I went to grammar school
and high school with kids from an economic, though not a color,
spectrum. I could never imagine Mary Ellen Long eating beans. Joy
Holcombe wouldn’t even speak to any kid who ate beans, I am sure. Joan
Retalic’s mother wouldn’t even allow her to come to the phone when I
called her. I had no business telephoning a girl above my social station
anyway. Had I never eaten a bean in my whole life, cleaned up real good
and dressed to the nines, her mother would not have allowed her to come
to that phone. Charleston was like that. She asked me why I was calling
Joan. I told her I wanted to know if Joan felt like going to a double
feature on Saturday afternoon. She said “with you?” I asked her if there
was a problem and she said (I swear this is a verbatim quote) “Yes.

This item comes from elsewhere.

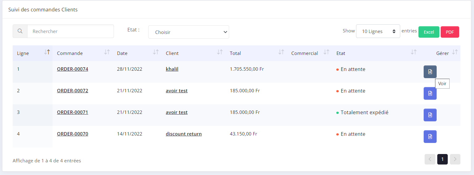 - Step 1:Suivie des commandes client → voir

Someone might see her with you.” I never again ever called a girl who
lived south of Broad Street.
I had a date with Binky
Reid one Saturday. We walked along The Battery and when I kissed her she
passed gas rather loudly. I fell instantly in love. Here was a girl who
obviously also loved beans. She looked into my eyes as though giving me
a test of some sort. Was I going to notice what she just did, or was I a
gentleman who would pretend it didn’t happen? What let me down at that
moment was that I had avoided beans in anticipation of our date and was
unable to reciprocate. It was a horrible experience of flatulent
dysfunction. Our relationship foundered after that demonstration of
inadequacy. I always imagined that she eventually married some guy who
could fart the Star Spangled Banner.
This morning I made a
bean stew with cannellini beans that soaked in water overnight. I order
large ham hocks from Karl Ehmer in New York, and I simmer one (they are
huge) for four hours. I remove the hock from the wonderful resulting
stock, season the stock with black pepper and cook the beans in that. I
take the meat off the cooled hock and chop it up into the bean pot along
with some sliced Brazilian or Argentine sausages available from the
Phonecia Market a few minutes from here. You can do it with saucisse de
Lyon if you like, or with whatever sausages your heart may desire. You
might choose sausages of the same ethnicity as the girl you are about to
invite over for dinner. Now that’s class!
If you think that
inviting a girl to dinner and serving beans is declassee, think
Cassoulet, and think Cote du Rhone or Syrah or Zinfandel – as in maybe a
Ridge Lytton Springs. If you know how to make Cassoulet, you will
automatically be on any lovely woman’s A list. Small salad with a
Chilena dressing (recipe at www.SeamusMuldoon.com in the gastronomy
section) and crusty bread. YUM! Your subsequent ardor maybe be somewhat
sonorous, but the mutuality of flatulence can be a real turn on.